Ich bin 1966 geboren und bin nach der vierten Klasse in Frankenthal aufs Gymnasium gegangen. Mit ein paar Freunden. Andere Freunde wechselten auf die Reals- oder Hauptschule. Für die Freundschaften war das weitgehend unbedeutend. Um 13:00 Uhr läutete es, ich war um 14:00 Uhr mit Essen und meist auch mit Hausaufgaben fertig, spätestens um drei ging es raus: Kicken, Rad fahren, Schwimmen gehen, Blödsinn machen, Vereinstraining. Mit meinen Freunden und anderen Kindern. Beim Abendessen war ich oft todmüde, weil ausgepowert.
Gemeinsamkeit
Mit einigen meiner Freunde bin ich unabhängig vom Schulabschluss und der späteren beruflichen „Laufbahn“ immer noch gut befreundet. Die einen arbeiten als Handwerker, andere in Heilberufen ohne Ärzte zu sein, es gibt Händler und Dienstleister unter ihnen. Alles feine Leute, die teils mal richtig ordentlich mehr Geld verdienen als ich. Und die oft um einiges weniger arrogant sind als die, die sich für die Elite halten.

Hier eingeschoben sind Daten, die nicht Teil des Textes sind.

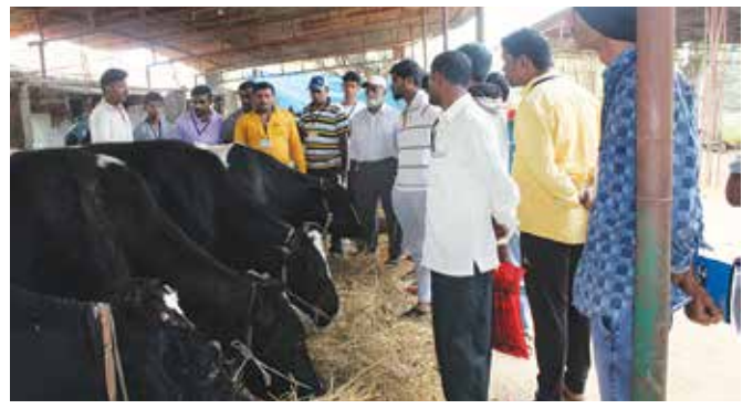
Visit to Dairy Farm of a progressive farmer

Überhaupt diese ganze leidige Elitendiskussion: Wenn ich einem Kumpel einen französischen Text übersetzt habe oder die Inschriften auf alten Denkmälern lesen und verstehen konnte, wusste ich, dass ich mehr weiß als mein Hauptschulfreund. Na und? Dafür konnte der flitzeflink später Maße und Winkel berechnen, wusste immer, wo gerade die besten Preise für was auch immer waren. Das ergänzt sich bis heute.
Zusammen, statt getrennt

Hardy Prothmann (45) fordert mehr Weitblick bei der Schulpolitik.
Damit bin ich beim Kern der Debatte: Vor meiner Zeit wurden Jungs und Mädchen getrennt. Auch zu meiner Zeit wurden wir Kinder getrennt. Gemeinsames Lernen gab es nicht. Aber wir hatten neben der Schule viel Zeit für Gemeinschaft. Heute werden die Kinder auch getrennt, aber durch die Lebenssituation vieler Eltern brauchen sie eine längere Betreuung. Sicher sind auch die Anforderungen in der Schule gestiegen, also auch länger Schule.

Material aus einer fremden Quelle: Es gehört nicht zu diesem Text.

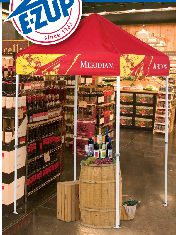
*Shown with digital valance.
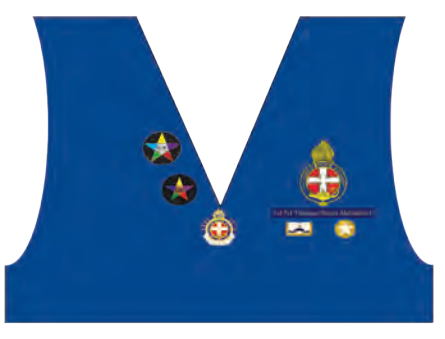
With 125th Anniversary Badge

Please note: all uniform should be worn with no jewellery and no nail polish

Ich habe zwei Kinder. Der Sohn hat gerade nach dem achtjährigen Gymnasium Abitur gemacht, die Tochter besucht die 8. Klasse. Die kennen keine Haupt- und Realschüler mehr. Nicht wegen Elitegedanken – ich achte drauf, dass sie bewusst bescheiden bleiben -, sondern weil sie keine Zeit haben. Morgens um sechs Uhr aufstehen, Schule bis um 16-17:00 Uhr. Dann noch Hausaufgaben machen, lernen, etwas Sport und etwas Musik. Damit ist der Tag rum. Ab und an treffen sich „beste Freundinnen“ und das ist natürlich jemand aus der Klasse. Andere Kinder bekommen sie ja nicht zu Gesicht.
Diese Trennung der Kinder führt auch irgendwann zu einer Trennung der Gesellschaft. Gymnasiasten wissen nicht wie Realschüler ticken und die nicht, wie Hauptschüler so als Menschen sind. Falsche Elitendebatten führen zu falschen Selbstbildern bei den „Besten“ wie bei denen, die es „halt nicht geschafft haben“. Und vor allem CDU, SPD und FDP heißen diese heillosen Debatten auch noch an. Christliche Verbundenheit, soziales Miteinander oder freies Füreinander fällt diesen „politischen Eliten“ nicht mehr ein. Und umgekehrt kriegen die Grünen Pickel, wenn jemand Elite sagt, obwohl man die ganz sicher ebenso braucht wie den soliden Handwerker.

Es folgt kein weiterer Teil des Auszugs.